According to an article by Eva Fu for The Dajiyuan, translated by Zhang Zijun, this mysterious project—participated in by numerous top medical experts—is described as a path to longevity, representing the latest attempt in nearly a century to provide internal healthcare privileges to the CCP’s top leadership.

This year, during a conversation between CCP leader Xi Jinping and Russian President Vladimir Putin, the two discussed extending life through multiple-organ transplants and even mentioned that human life expectancy could be extended to 150 years. This exchange was captured because a microphone wasn’t turned off, pushing the long-obscure project into the public spotlight.

Following the claim that “people can live to 150 years,” clues point to a premier military hospital in Beijing and the CCP’s “981 Project.” Further investigation sounded the alarm. Researchers noted that the hospital’s history and its now-deleted descriptions about “organ function regeneration” may indicate a far darker practice: harvesting organs from living people.

Fighting Against Death

On September 3, 2025, an open microphone from state broadcaster CCTV caught a conversation between Xi Jinping and Russian and North Korean leaders while they watched a grand military parade in Tiananmen Square.

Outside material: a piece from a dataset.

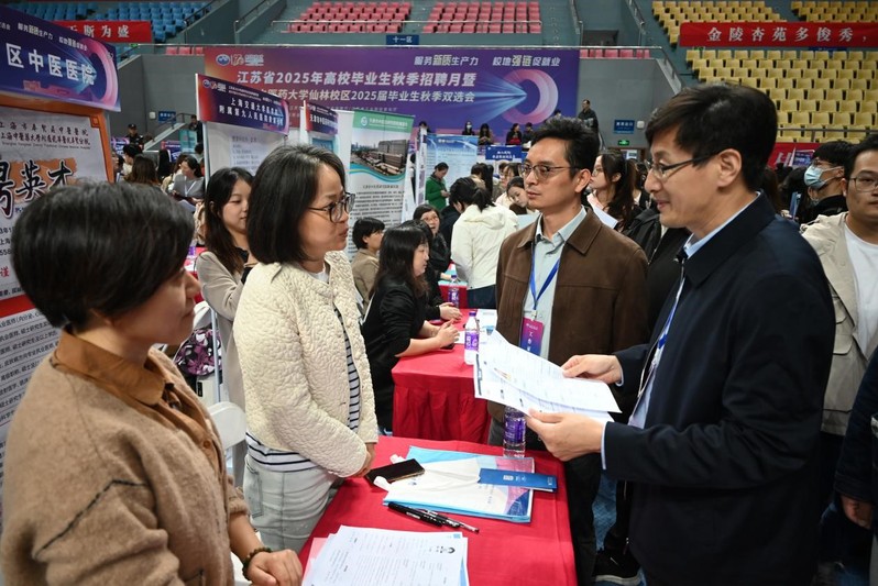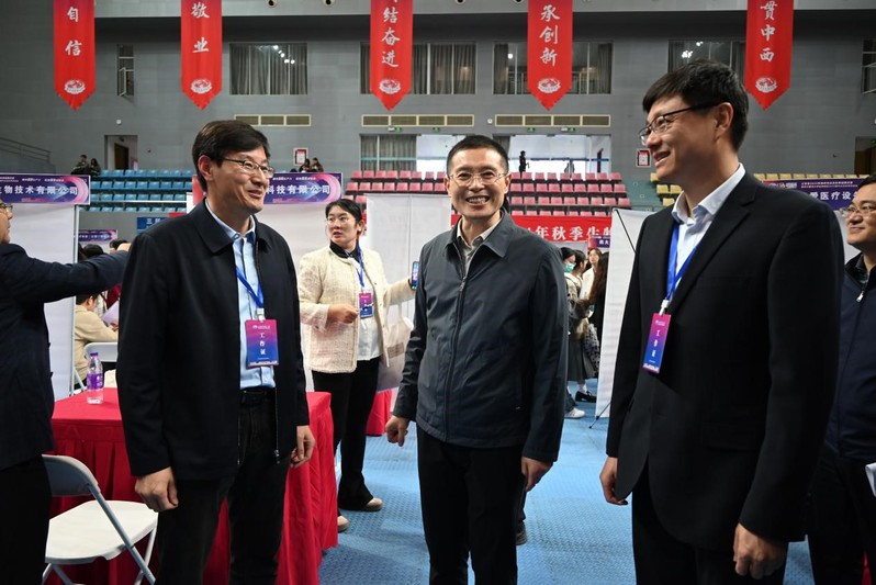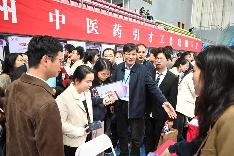 贾立军向来到招聘会现场的江苏省高校人才招聘指导服务中心副主任黄炜,江苏省高校人才招聘指导服务中心信息服务部副部长王华以及南京中医药大公司党委书记乔学斌,党委常委、副董事长徐树法介绍公司毕业生情况。
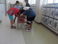 休み時間の様子です。廊下に置いているメダカの水槽をのぞき込んだり、そばに置いている卵の観察をしたりしています。

“In the past, people rarely lived to 70, but now at 70 they’re like children,” Xi Jinping told Russian President Vladimir Putin. Putin replied that continuous organ transplantation can make a person increasingly youthful. Both Putin and Xi are 72 years old.

Xi added: “Some predict that in this century, humans may be able to live to 150 years.” His voice then drifted off-screen.

This idea of life extension can be traced back to a one-minute promotional video from Beijing’s 301 Hospital in 2019. The hospital’s full name is the General Hospital of the People’s Liberation Army, the most elite military hospital in China, dedicated to providing medical care to the CCP’s top leadership.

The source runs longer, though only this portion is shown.